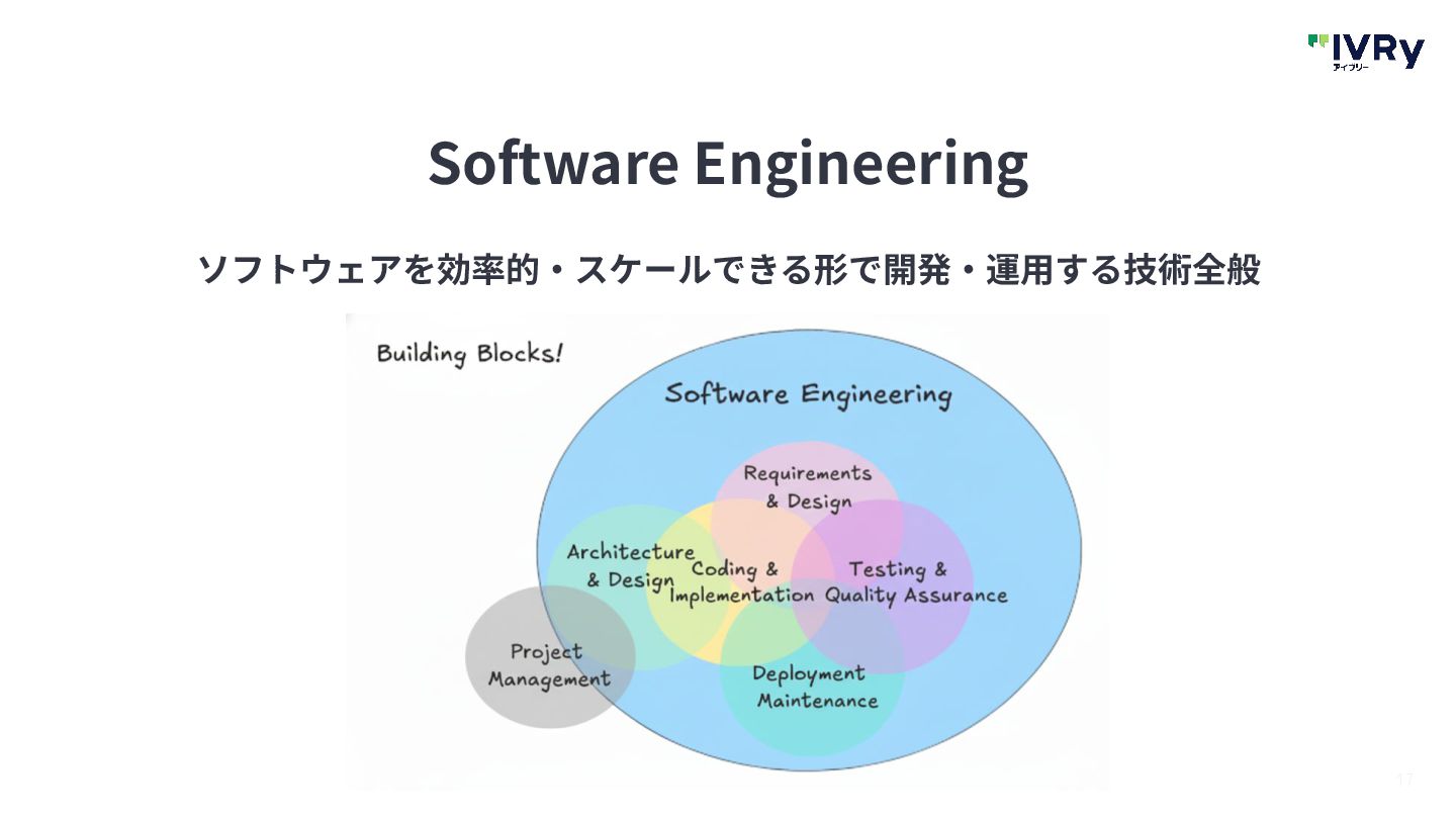 17 Software Engineering ソフトウェアを効率的‧スケールできる形で開発‧運⽤する技術全般
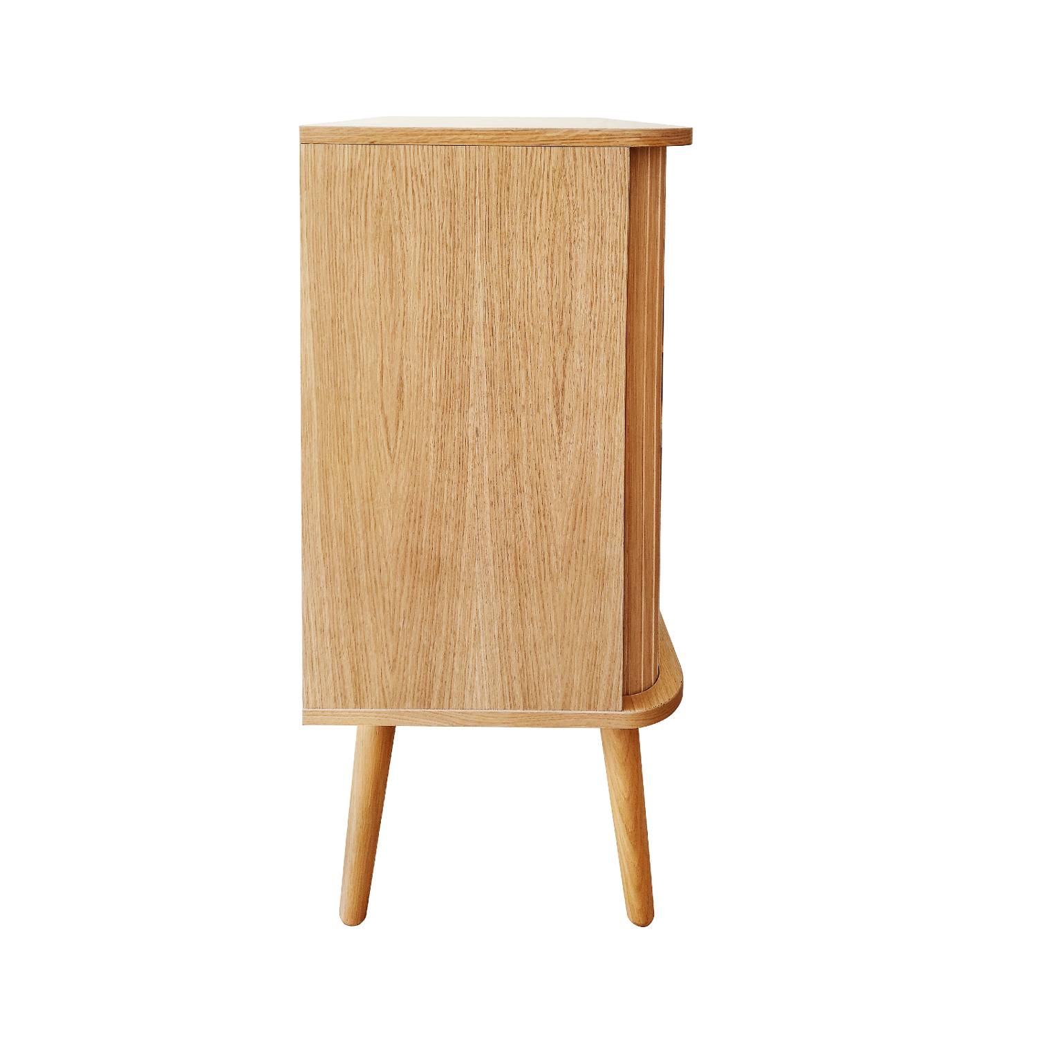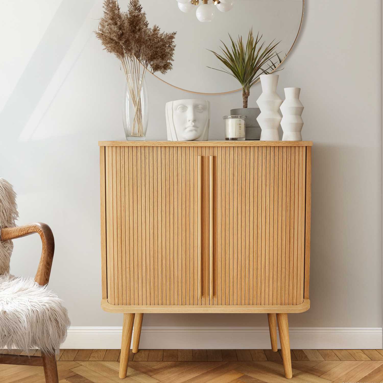 Iti doresti o comoda cu design atractiv si elegant? Comoda inalta cu 2 usi culisante stejar Rove este ceea ce cauti. Potrivita pentru un living modern, in care mobilierul din lemn natur creeaza o atmosfera calma, comoda Rove se remarca prin executia si finisajele de calitate. Atractia sa o constituie cele doua usi culisante care se deschid total si care sunt frezate pentru un plus de design. Comoda inalta cu 2 usi culisante stejar Rove este realizata din carcasa de PAL furniruit cu stejar natur, cu picioare si manere la usi realizate din lemn masiv de stejar. Spatiul de depozitare pe care il ofera va permite sa va aranjati obiectele de care aveti nevoie sa va fie la indemana. Fronturile usilor sunt frezate si fac ca aceasta comoda sa arate intr-un fel cu totul special.
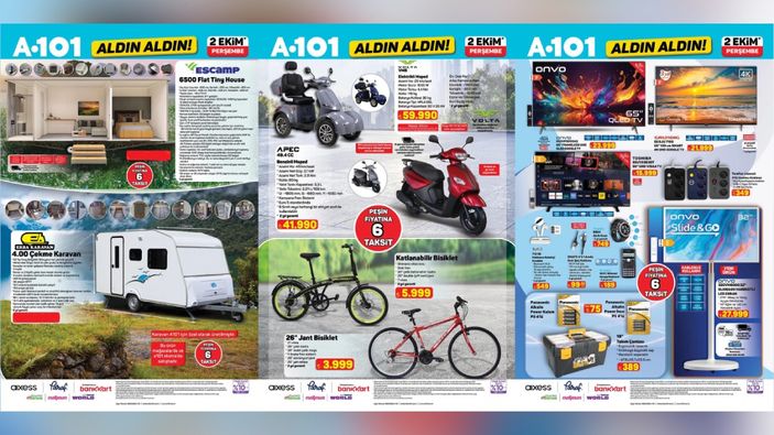A101, alışveriş tutkunlarını şaşırtmaya devam ediyor. Market zincirinin 2 Ekim 2025 aktüel kataloğunda bu kez ev eşyalarının yanı sıra, tatil ve yaşam alanı arayanlara hitap eden özel ürünler yer alıyor. İşte A101 2 Ekim aktüel katalog…
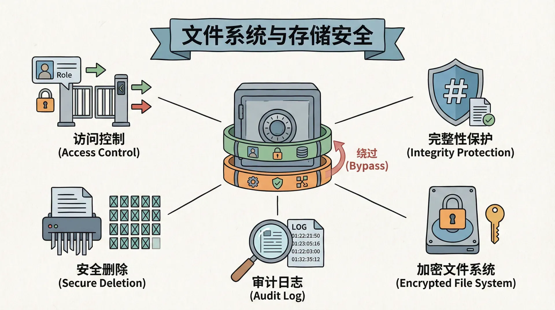 这一部分我们将讨论文件访问控制、文件完整性保护、安全删除、审计日志、加密文件系统等核心概念。
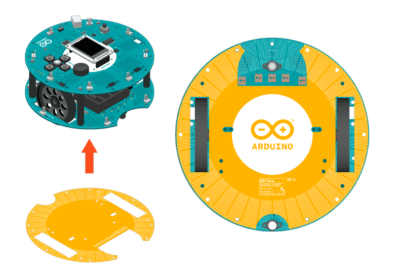 Each board on the robot has a microcontroller, which is programmed independently of the other. It is recommended that you should only program the control board (the top board) until you are familiar with the robot's functionality. The motor board (the bottom board) has a stock firmware that fulfills most general purpose applications.
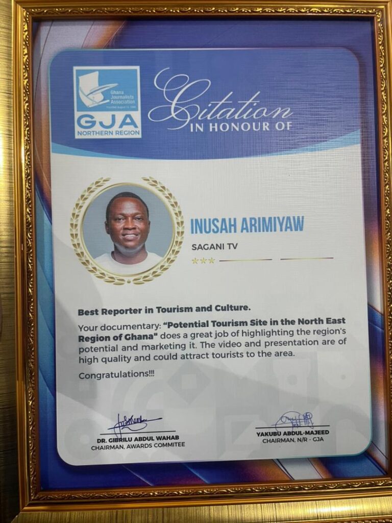 “Alhamdulillah!!! We won Best Reporter of the Year in Tourism/Culture. North East Potential Tourism Sites documentary. Thanks GJA, Northern Region.”
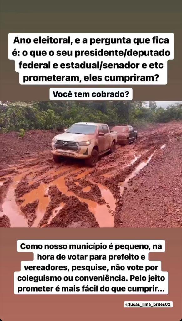 Uma publicação nas redes sociais expõe a revolta dos moradores da cidade com atual gestão. “Ano eleitoral e a pergunta que fica é: o que seu presidente/deputado federal e estadual, senadores e etc prometeram, eles cumpriram?”, questiona o perfil.
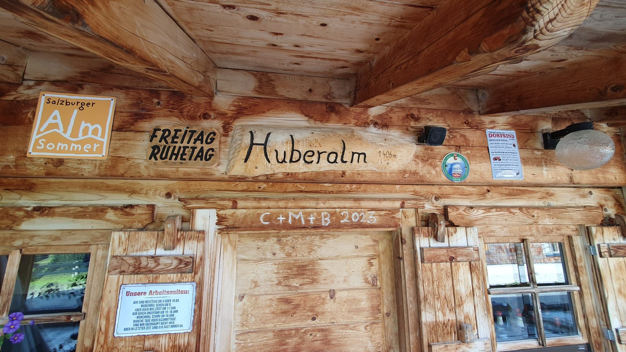 Die Huberalm verwöhnt ihre Gäste im Winter mit traditionellen Schmankerln und ist ein beliebtes Ziel für Wintersportler inmitten der verschneiten Natur und Berge.

_What to work on:_ Down to the last line, return the entries above exactly, with no pictures.

_Task answer:_
 17 Software Engineering ソフトウェアを効率的‧スケールできる形で開発‧運⽤する技術全般
 Iti doresti o comoda cu design atractiv si elegant? Comoda inalta cu 2 usi culisante stejar Rove este ceea ce cauti. Potrivita pentru un living modern, in care mobilierul din lemn natur creeaza o atmosfera calma, comoda Rove se remarca prin executia si finisajele de calitate. Atractia sa o constituie cele doua usi culisante care se deschid total si care sunt frezate pentru un plus de design. Comoda inalta cu 2 usi culisante stejar Rove este realizata din carcasa de PAL furniruit cu stejar natur, cu picioare si manere la usi realizate din lemn masiv de stejar. Spatiul de depozitare pe care il ofera va permite sa va aranjati obiectele de care aveti nevoie sa va fie la indemana. Fronturile usilor sunt frezate si fac ca aceasta comoda sa arate intr-un fel cu totul special.
A101, alışveriş tutkunlarını şaşırtmaya devam ediyor. Market zincirinin 2 Ekim 2025 aktüel kataloğunda bu kez ev eşyalarının yanı sıra, tatil ve yaşam alanı arayanlara hitap eden özel ürünler yer alıyor. İşte A101 2 Ekim aktüel katalog…
 这一部分我们将讨论文件访问控制、文件完整性保护、安全删除、审计日志、加密文件系统等核心概念。
 Each board on the robot has a microcontroller, which is programmed independently of the other. It is recommended that you should only program the control board (the top board) until you are familiar with the robot's functionality. The motor board (the bottom board) has a stock firmware that fulfills most general purpose applications.
 “Alhamdulillah!!! We won Best Reporter of the Year in Tourism/Culture. North East Potential Tourism Sites documentary. Thanks GJA, Northern Region.”
 Uma publicação nas redes sociais expõe a revolta dos moradores da cidade com atual gestão. “Ano eleitoral e a pergunta que fica é: o que seu presidente/deputado federal e estadual, senadores e etc prometeram, eles cumpriram?”, questiona o perfil.
 Die Huberalm verwöhnt ihre Gäste im Winter mit traditionellen Schmankerln und ist ein beliebtes Ziel für Wintersportler inmitten der verschneiten Natur und Berge.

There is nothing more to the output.